Но облегчения Гай не почувствовал. Черная дробина по-прежнему шевелилась в нем. И Гай знал почему.
Этому городу, морю, “Крузенштерну” – всему, что было вокруг, – нужен был другой Гай. Острову капитана Гая нужен был другой Гай. И самому Гаю нужен был другой Гай. Честный до конца.
А если есть в душе хоть капля обмана, так и будешь смотреть на всех с тайной опаской, со скрытой виноватостью. И остров будет исчезать или тонуть за горизонтом раньше, чем к нему подплывешь.
“Но не все ли теперь равно? Ведь главное-то я сказал!” – огрызнулся на себя Гай.
– Ты где живешь? – спросил Сержик.
– Рядом с Асей…
– Я и не знал. Тогда пошли? Нам по пути.
– Мне в школу надо…
Гай скомканно рассказал о стычке с учительницей, а заодно и почему нельзя стричься, и откуда он приехал; и что сейчас надо попасть в школу, потому что Ася, наверно, беспокоится: куда он девался? И два ее учебника у него в портфеле…
– Вот это да… – выдохнул Сержик. – Значит, мы тебя в кино увидим?
– Ну… наверно. Если получится.
– Жалко, – вдруг сказал он.
– Что жалко? – испуганно спросил Гай.
– Да я не про кино. Жалко, что скоро уедешь. – Сержик посмотрел на Гая ясно и улыбчиво.
И тогда, словно шагая с высокого берега, Гай сказал:
– Сержик, ты меня прости…
Глаза у Сержика сделались большими от изумления.

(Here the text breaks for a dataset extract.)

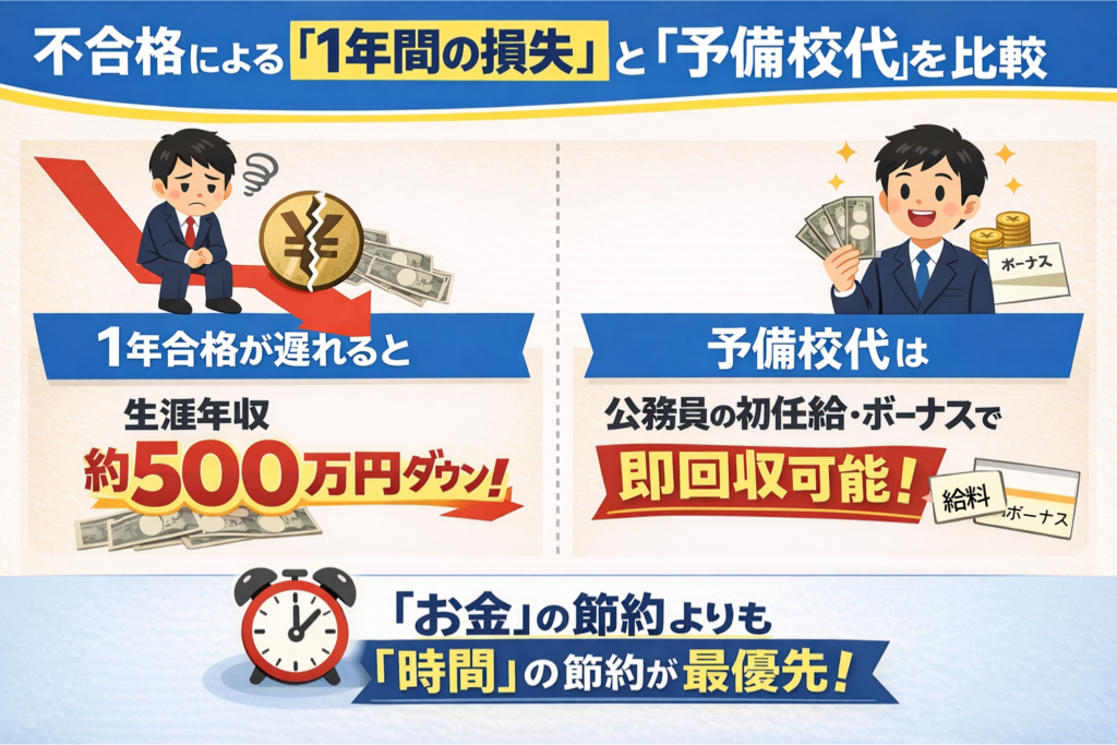 数十万円という出費は確かに痛いですが、それは「1年早く公務員になって稼ぎ始めるための投資」だと考えてみてください。

– Я наврал, что случайно нашел гранату, – выдавил Гай, глядя в землю. – Я сразу видел, куда она упала… Я думал: никто не знает, ну и я… в общем, думал: возьму себе потом…
Гай понимал, какой он сейчас жалкий, растрепанный, красный, несмотря на загар. Чувствовал себя пришибленным и маленьким перед пятиклассником Сержиком, который ему чуть выше плеча, но у которого бесстрашная и чистая душа.
Ох как тошно… И все-таки вместе с этой мукой он испытывал облегчение. Словно разбил стекло в душной комнате.
Гай заставил себя поднять глаза. Сержик смотрел растерянно. Так, словно это он, а не Гай виноват. И сказал скомканно:
– Да чего… Да это хоть с кем бывает. Я один раз тоже, когда моторчик у Андрея увидел… А после… – Он тряхнул головой, сделался спокойнее и строже. Утешил Гая: – Не надо про нее… Ты же не взял.
Щеки у Гая все еще горели. Но вздохнул он так, словно вынырнул из глубины. Прошептал:
– Не взял, конечно… Это я сперва…
Сержик вдруг обрадованно взметнул ресницы:
– Послушай! Но раз тебе ее надо, то возьми! Все равно она там без дела валяется.
– Да нет же! Я тогда… ну, просто дурак был. Не надо мне ее сейчас.
Сейчас ему надо было другое: чтобы Сержик не затаил обиды.
Однако Сержик теперь смотрел непонятно. И оказал нехотя:
– Не надо так не надо… Я пойду тогда… А ты тоже иди, второй урок уже, наверно, кончается.
Отчуждение прошло между ними, как тень пасмурного облака.
– Ага… Пока… – потерянно отозвался Гай.
И они разошлись.
Гай медленно шел к школе и нес в себе ощущение потери, нес свою печаль. И все-таки он ни о чем не жалел. Он знал, что похожая на крошечную гранату дробина больше не станет его тревожить.
И еще одно грело Гая. Легонько грело, как солнечный зайчик. Воспоминание, как он мчался на помощь Сержику к водостоку. Гай не успел, но это не его вина. Он ни одного мига не сдерживал себя, рвался изо всех сил. И если бы смыло Сержика или того пацаненка, он, Гай, ни секунды не думая, ринулся бы в прибой. Он знал это тогда и помнил теперь. И шаги его понемногу делались крепче…
– Эй!
Гай не оглянулся. Мало ли кого окликают на улице.
Сзади нарастал частый топот.
– Подожди! Миша!.. Гаймуратов!
Сержик догонял его, трепеща своим летучим пиджачком.
Откуда он знает имя? Ах, да! Из разговора с милиционером…
Сержик остановился, часто дыша.
– Я… забыл спросить… У тебя сколько уроков?
– Да кто их знает! – поспешно сказал Гай. – Такое бестолковое расписание…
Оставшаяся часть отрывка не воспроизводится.